Only the pictures are to be dropped, and the rest of the data should be copied exactly.

SUPPLIED INFORMATION ::
==*==

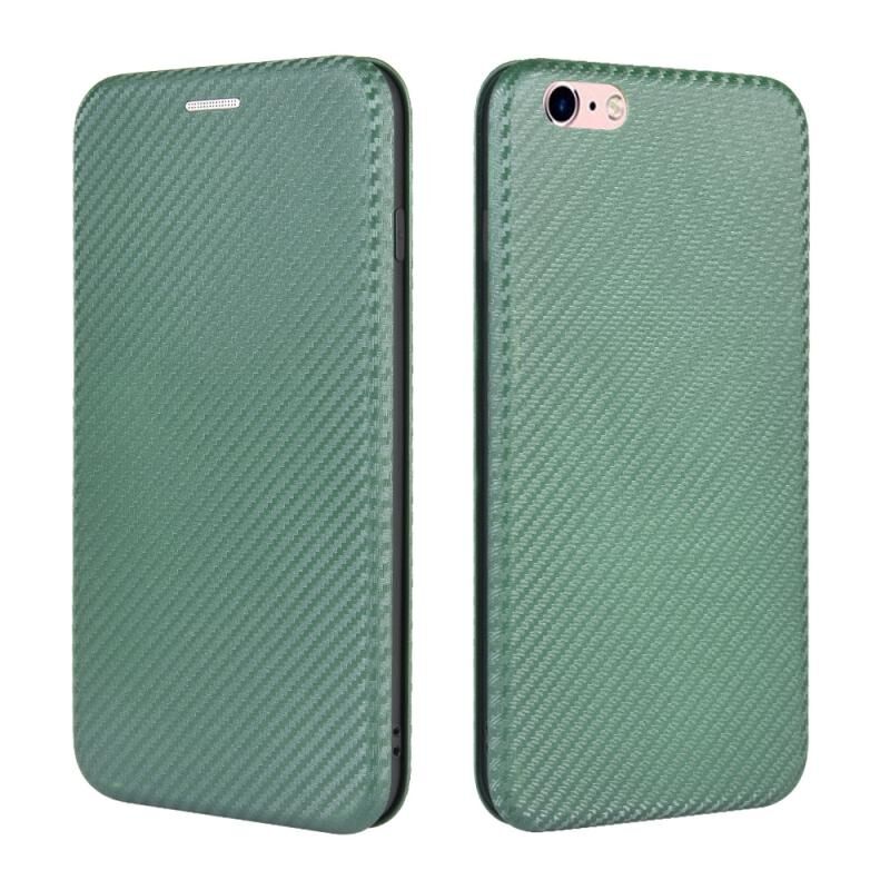 Θήκη για iPhone 6 / 6s με οριζόντιο άνοιγμα, υφή ανθρακονήματος, από TPU + PC + Δερματίνη PU με θήκη για κάρτες (Πράσινο)
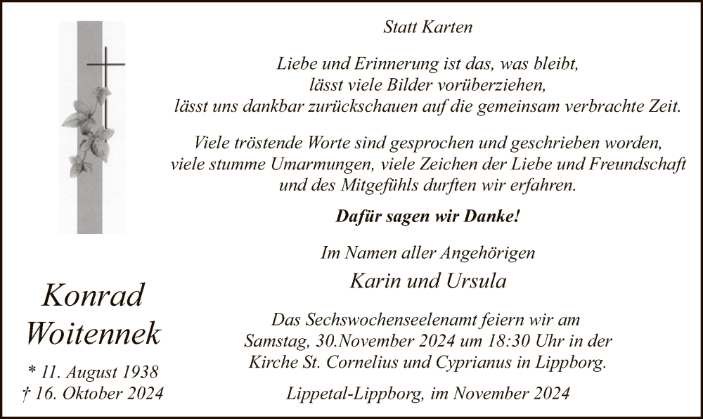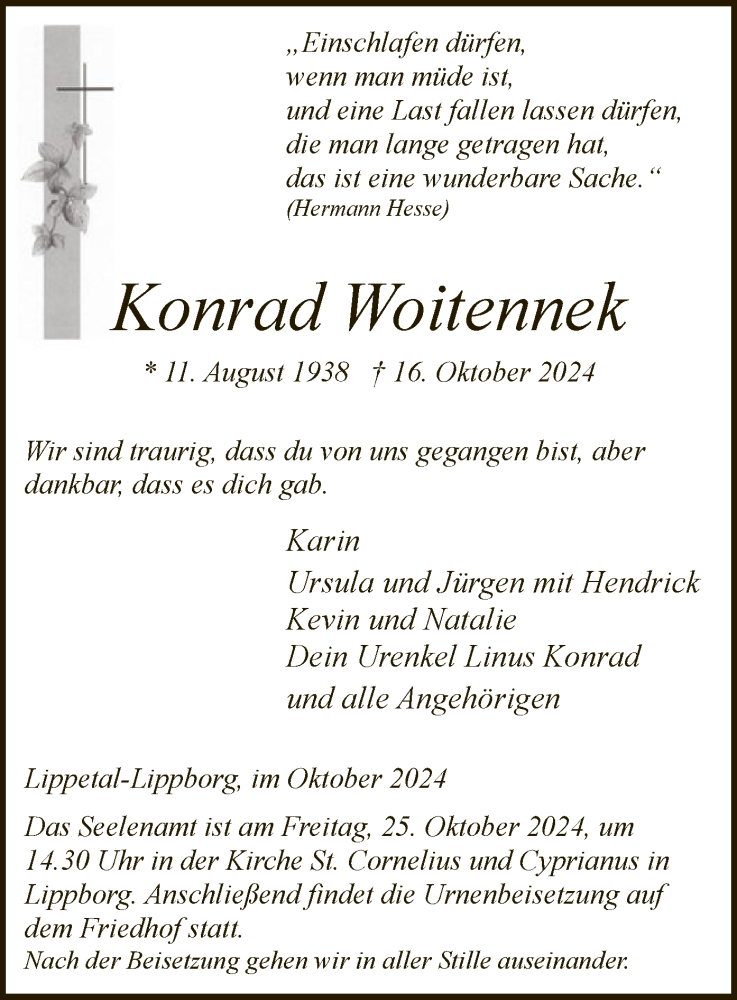 Hier finden Sie alle Traueranzeigen aus der Zeitung, die bisher für Konrad Woitennek erschienen sind. Weitere Traueranzeigen, die in der Zeitung erscheinen, werden hier ebenfalls aufgelistet
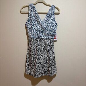 Lands End Blue Black Two Tone Floral One Piece Swim Dress Surplice V Neck Modest
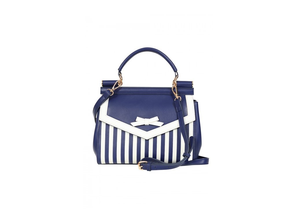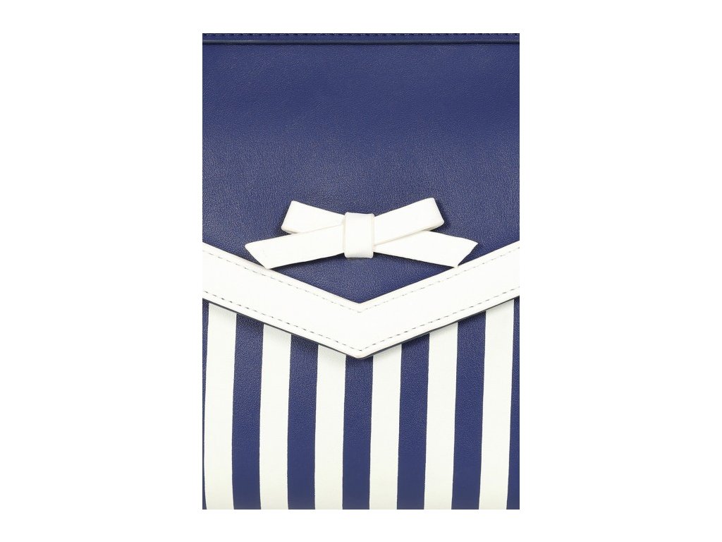 Tato kabelka je jako pohlednice z dovolené na jachtě! Modro-bílé pruhy, jemná mašlička a retro střih dodávají kabelce Ravello nezaměnitelný šarm 50. let. Vyrobena z veganské kůže, se zlatými detaily a praktickým vnitřním uspořádáním. Součástí je i odepínací popruh přes rameno.

==*==

REPLY TO THE TASK ::
 Θήκη για iPhone 6 / 6s με οριζόντιο άνοιγμα, υφή ανθρακονήματος, από TPU + PC + Δερματίνη PU με θήκη για κάρτες (Πράσινο)
 Hier finden Sie alle Traueranzeigen aus der Zeitung, die bisher für Konrad Woitennek erschienen sind. Weitere Traueranzeigen, die in der Zeitung erscheinen, werden hier ebenfalls aufgelistet
 Lands End Blue Black Two Tone Floral One Piece Swim Dress Surplice V Neck Modest
 Tato kabelka je jako pohlednice z dovolené na jachtě! Modro-bílé pruhy, jemná mašlička a retro střih dodávají kabelce Ravello nezaměnitelný šarm 50. let. Vyrobena z veganské kůže, se zlatými detaily a praktickým vnitřním uspořádáním. Součástí je i odepínací popruh přes rameno.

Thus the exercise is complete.